Listing 8.1. A mapper job with some best practices applied to assist debugging

The reduce task should have similar debug log statements added to write out each reduce input key and value and the output key and value. Doing so will help identify any issues between the map and reduce sides, in your reduce code, or in the OutputFormat or RecordWriter.

Should exceptions be swallowed?

In the previous code example, you caught any exceptions in your code and then wrote the exception to the logs, along with as much contextual information as possible (such as the current key and value that the reducer was working on). The big question is whether you should rethrow the exception or swallow it.

Rethrowing the exception is tempting because you’ll immediately be aware of any issues in your MapReduce code.
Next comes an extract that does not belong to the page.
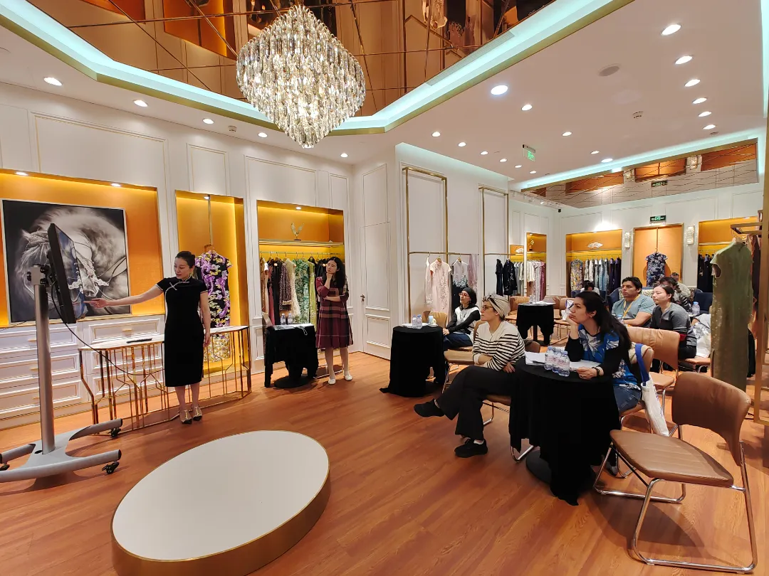 课堂上,蔓楼兰的工作人员介绍说:“制作旗袍需要68道工序,其中8道工序是最重要的。”接着,工作人员以店内展示的旗袍为范本,向外籍人才们详细讲解海派旗袍的历史渊源、工艺特点与文化内涵。从盘扣的传统工艺技法,到不同面料的运用,再到旗袍的搭配技巧,讲解生动有趣。工作人员还邀请外籍人才触摸面料、观察盘扣细节,让大家对旗袍的认知从“视觉欣赏”转变为“触觉感知”。

But if your code is running in production and fails every time it encounters a problem—such as some input data that’s not handled correctly—the ops, dev, and QA teams will be spending quite a few cycles addressing each issue as it comes along.

Writing code that swallows exceptions has its own problems—for example, what if you encounter an exception on all inputs to the job? If you write your code to swallow exceptions, the correct approach is to increment a counter (as in the code example), which the driver class should use after job completion to ensure that most of the input records within some tolerable threshold were successfully processed. If they weren’t, the workflow being processed should probably be terminated and the appropriate alerts be sent to notify operations.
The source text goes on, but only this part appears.